Авторы историко-биографического сценария пытались создать образ положительного (а как же иначе?) героя, не освободившись до конца от устоявшейся схемы: герой должен обладать смелостью и решительностью.

На это наталкивало, видимо, и имя Андрей, что в переводе с греческого означает «мужественный». Ведь Рублев его получил не от рождения, а выбрал сам: при пострижении в монахи изменение имени обязательно.

И вот в начале сценария Андрей смело бросается разнимать дерущихся москвича и смолянина. Табунщику-татарину, который говорит о Великом князе, что тот на коленях ползал в Орде, инок не спускает обиды: «...я убью тебя» — и, подняв с дороги обледеневшую слегу, бросается на татарина. В эпизоде «Тоска» Андрей вообще без видимой причины кидается на целый отряд конных татар, теперь уже со шкворнем в руке. Правда, в обоих случаях дело кончается конфузом, но в смелости, граничащей с донкихотством, в постоянной готовности совершать поступки Рублеву в сценарии не откажешь.

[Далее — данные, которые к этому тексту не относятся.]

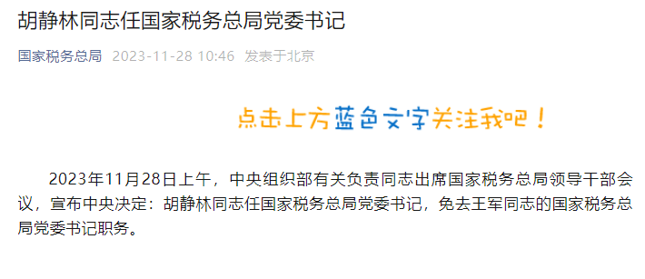 据国家税务总局28日消息,2023年11月28日上午,中央组织部有关负责同志出席国家税务总局领导干部会议,宣布中央决定:胡静林同志任国家税务总局党委书记,免去王军同志的国家税务总局党委书记职务。
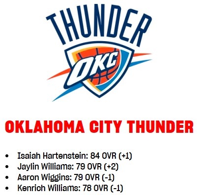 雷霆球员2K能力值更新:哈滕+1至84 杰林威+2 阿隆-维金斯&肯威-1

А каким было проявление там чувств чернеца? «Поднимает на улыбающегося татарина полный трезвой ненависти взгляд. Андрей смотрит на ученика Фому, и «взгляд его становится бешеным». Когда скоморох уличает Рублева в доносительстве, тот «дерзко смотрит» на него. «Что тебе от меня надо?» — зло настаивает Андрей при встрече в лесу с разбойником. Не стесняется он и таких слов, как «сволочь».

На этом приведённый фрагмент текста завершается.